Is there a chance you could create a GitHub repo with a sample application with steps on how to reproduce this bug?
If that’s not possible, could you describe how you created the migrations or what command(s) you ran? Is this error reproducible? As in, if you reset (roll back db for example) your changes, can this same error be reproduced or is it a one off?
I dug in a little deeper, and I think Rails is doing some database inspection.
I think it’s creating this inv_products_XYZ table because I’m actually loading data into this database from a prior pg_dump.
After I run a rake db:migrate
it seems to create that table. Nowhere in my code is there a migration which is creating this table, it just somehow gets into my schema.rb
file. I think via inspection/introspection or whatever. Rails must see the table exists already, and adds the corresponding Ruby code in schema.rb
to create that table.
I can’t provide code in this case, since it’s a proprietary codebase.
That is correct. schema.rb
has nothing to do with migrations (despite the superficial connections).
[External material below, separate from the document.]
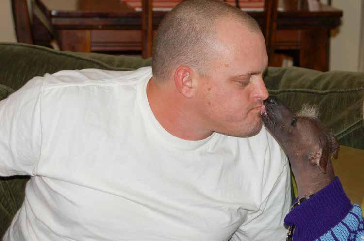 LEFT: Spyder’s tendency to jump in laps and lick faces helped calm and center Leif Mesinger when he became frustrated.

It is always a record of the schema of the database. If you use tools other than migrations (e.g. the pg*
command line tools) to make changes to the database schema they will always be reflected in schema.rb
after you run migrations. This isn’t becuase of the migrations, but because there is a task triggered after the migrations task runs which translates the complete DB schema into schema.rb
.
This is not entirely true. Rails provides the following configuration options which link migrations to schema.rb:
I am also confused by Rails behavior when it does dump to include local database changes that are not part of migrations in the current branch. For instance, there may be changes to the database that have come from a different branch. Rails picks these changes up and modifies schema.rb causing a headache of management of this file.
It is because it is looking at the live connection to the DB. Whatever is in the DB at the time it connects will be dumped into the schema.rb. It doesn’t matter at all what code is in the branch. The real DB schema isn’t branched, so unless you are very careful about dropping the DB and recreating it when you switch branches, it is a headache you have to manage with appropriate painkillers.